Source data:
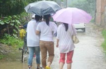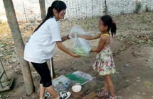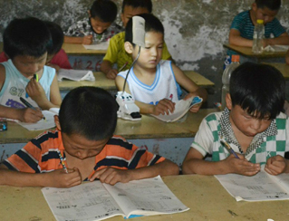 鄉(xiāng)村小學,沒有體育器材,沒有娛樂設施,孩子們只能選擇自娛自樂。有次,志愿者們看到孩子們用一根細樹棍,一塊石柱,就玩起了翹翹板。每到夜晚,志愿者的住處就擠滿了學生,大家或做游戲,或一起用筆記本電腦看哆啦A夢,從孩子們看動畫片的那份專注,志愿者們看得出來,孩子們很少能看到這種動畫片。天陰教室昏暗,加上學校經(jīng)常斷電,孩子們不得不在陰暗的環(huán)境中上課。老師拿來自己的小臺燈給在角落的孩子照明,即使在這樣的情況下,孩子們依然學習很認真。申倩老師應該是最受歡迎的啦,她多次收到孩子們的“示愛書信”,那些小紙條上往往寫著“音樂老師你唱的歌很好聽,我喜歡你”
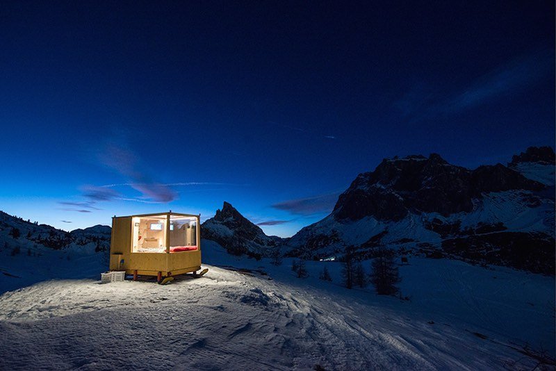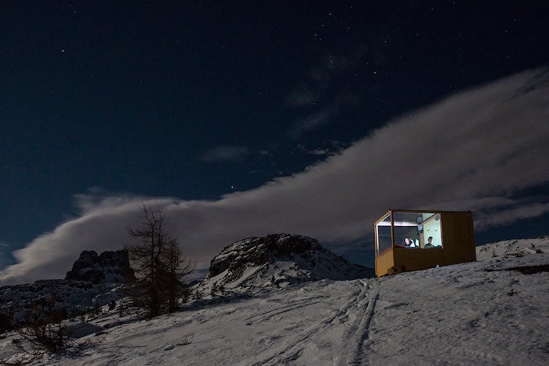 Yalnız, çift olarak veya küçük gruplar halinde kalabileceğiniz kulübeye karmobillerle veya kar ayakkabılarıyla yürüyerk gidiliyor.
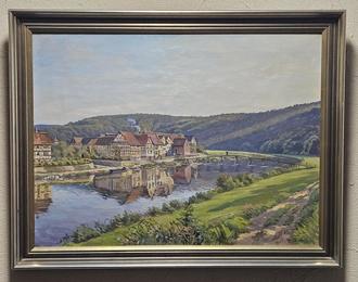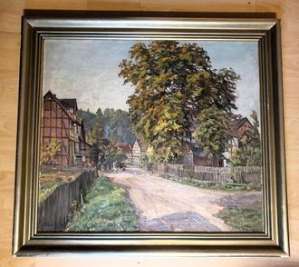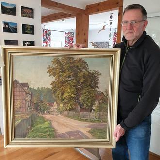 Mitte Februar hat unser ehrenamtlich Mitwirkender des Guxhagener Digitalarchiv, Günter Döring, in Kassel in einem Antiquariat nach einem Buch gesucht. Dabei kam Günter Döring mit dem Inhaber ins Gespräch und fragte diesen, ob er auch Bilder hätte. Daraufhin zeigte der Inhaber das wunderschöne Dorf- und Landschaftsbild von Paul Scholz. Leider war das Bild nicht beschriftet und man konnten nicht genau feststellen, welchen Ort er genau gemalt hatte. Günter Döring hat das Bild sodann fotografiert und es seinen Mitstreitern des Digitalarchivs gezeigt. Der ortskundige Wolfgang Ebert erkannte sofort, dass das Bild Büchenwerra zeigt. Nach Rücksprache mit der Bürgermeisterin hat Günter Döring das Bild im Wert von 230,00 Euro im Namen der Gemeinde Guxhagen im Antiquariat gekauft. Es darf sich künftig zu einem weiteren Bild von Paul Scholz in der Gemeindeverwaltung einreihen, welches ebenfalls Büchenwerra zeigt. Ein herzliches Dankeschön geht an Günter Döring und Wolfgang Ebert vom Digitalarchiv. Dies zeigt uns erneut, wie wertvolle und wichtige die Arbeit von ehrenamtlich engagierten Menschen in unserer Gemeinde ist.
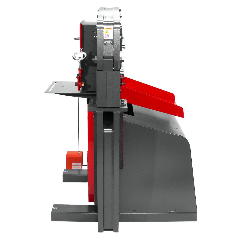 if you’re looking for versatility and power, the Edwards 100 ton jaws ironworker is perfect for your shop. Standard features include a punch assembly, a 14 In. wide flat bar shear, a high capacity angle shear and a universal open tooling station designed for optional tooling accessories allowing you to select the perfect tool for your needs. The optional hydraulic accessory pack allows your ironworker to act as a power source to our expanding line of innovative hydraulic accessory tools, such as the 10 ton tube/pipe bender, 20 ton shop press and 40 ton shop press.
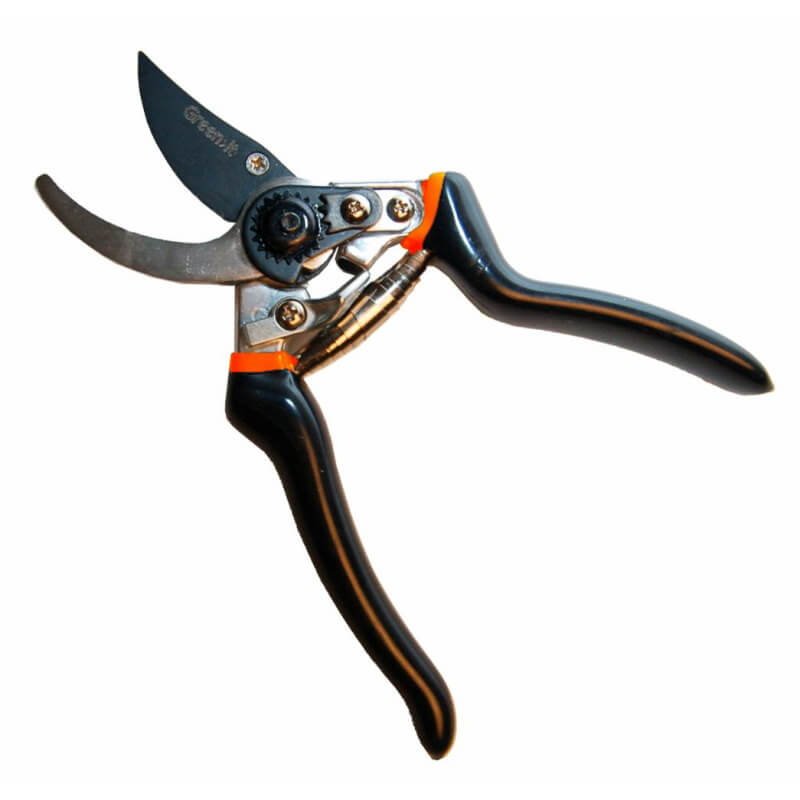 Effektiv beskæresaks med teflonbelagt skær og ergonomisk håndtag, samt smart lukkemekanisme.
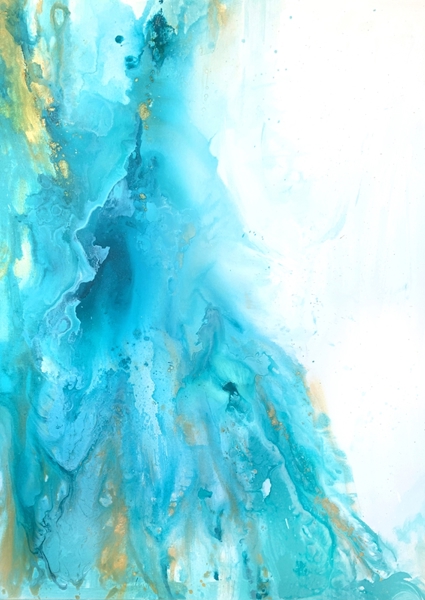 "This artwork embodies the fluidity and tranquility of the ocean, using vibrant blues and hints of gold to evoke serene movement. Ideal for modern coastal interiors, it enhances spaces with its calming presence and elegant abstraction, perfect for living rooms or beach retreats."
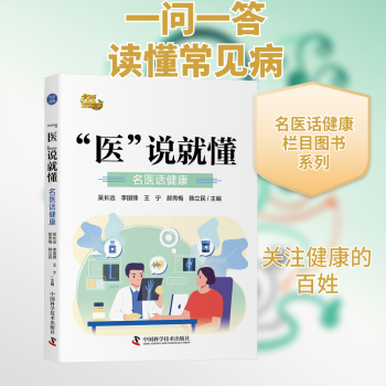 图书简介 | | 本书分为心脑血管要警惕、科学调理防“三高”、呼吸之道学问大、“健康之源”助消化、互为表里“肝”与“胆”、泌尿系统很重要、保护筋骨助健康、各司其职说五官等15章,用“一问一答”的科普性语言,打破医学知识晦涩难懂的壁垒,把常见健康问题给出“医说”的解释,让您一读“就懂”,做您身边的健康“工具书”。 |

■ Task goal: Give back every entry in full, exactly as written, with no picture included.

■ Output:
 鄉(xiāng)村小學,沒有體育器材,沒有娛樂設施,孩子們只能選擇自娛自樂。有次,志愿者們看到孩子們用一根細樹棍,一塊石柱,就玩起了翹翹板。每到夜晚,志愿者的住處就擠滿了學生,大家或做游戲,或一起用筆記本電腦看哆啦A夢,從孩子們看動畫片的那份專注,志愿者們看得出來,孩子們很少能看到這種動畫片。天陰教室昏暗,加上學校經(jīng)常斷電,孩子們不得不在陰暗的環(huán)境中上課。老師拿來自己的小臺燈給在角落的孩子照明,即使在這樣的情況下,孩子們依然學習很認真。申倩老師應該是最受歡迎的啦,她多次收到孩子們的“示愛書信”,那些小紙條上往往寫著“音樂老師你唱的歌很好聽,我喜歡你”
 Yalnız, çift olarak veya küçük gruplar halinde kalabileceğiniz kulübeye karmobillerle veya kar ayakkabılarıyla yürüyerk gidiliyor.
 Mitte Februar hat unser ehrenamtlich Mitwirkender des Guxhagener Digitalarchiv, Günter Döring, in Kassel in einem Antiquariat nach einem Buch gesucht. Dabei kam Günter Döring mit dem Inhaber ins Gespräch und fragte diesen, ob er auch Bilder hätte. Daraufhin zeigte der Inhaber das wunderschöne Dorf- und Landschaftsbild von Paul Scholz. Leider war das Bild nicht beschriftet und man konnten nicht genau feststellen, welchen Ort er genau gemalt hatte. Günter Döring hat das Bild sodann fotografiert und es seinen Mitstreitern des Digitalarchivs gezeigt. Der ortskundige Wolfgang Ebert erkannte sofort, dass das Bild Büchenwerra zeigt. Nach Rücksprache mit der Bürgermeisterin hat Günter Döring das Bild im Wert von 230,00 Euro im Namen der Gemeinde Guxhagen im Antiquariat gekauft. Es darf sich künftig zu einem weiteren Bild von Paul Scholz in der Gemeindeverwaltung einreihen, welches ebenfalls Büchenwerra zeigt. Ein herzliches Dankeschön geht an Günter Döring und Wolfgang Ebert vom Digitalarchiv. Dies zeigt uns erneut, wie wertvolle und wichtige die Arbeit von ehrenamtlich engagierten Menschen in unserer Gemeinde ist.
 if you’re looking for versatility and power, the Edwards 100 ton jaws ironworker is perfect for your shop. Standard features include a punch assembly, a 14 In. wide flat bar shear, a high capacity angle shear and a universal open tooling station designed for optional tooling accessories allowing you to select the perfect tool for your needs. The optional hydraulic accessory pack allows your ironworker to act as a power source to our expanding line of innovative hydraulic accessory tools, such as the 10 ton tube/pipe bender, 20 ton shop press and 40 ton shop press.
 Effektiv beskæresaks med teflonbelagt skær og ergonomisk håndtag, samt smart lukkemekanisme.
 "This artwork embodies the fluidity and tranquility of the ocean, using vibrant blues and hints of gold to evoke serene movement. Ideal for modern coastal interiors, it enhances spaces with its calming presence and elegant abstraction, perfect for living rooms or beach retreats."
 图书简介 | | 本书分为心脑血管要警惕、科学调理防“三高”、呼吸之道学问大、“健康之源”助消化、互为表里“肝”与“胆”、泌尿系统很重要、保护筋骨助健康、各司其职说五官等15章,用“一问一答”的科普性语言,打破医学知识晦涩难懂的壁垒,把常见健康问题给出“医说”的解释,让您一读“就懂”,做您身边的健康“工具书”。 |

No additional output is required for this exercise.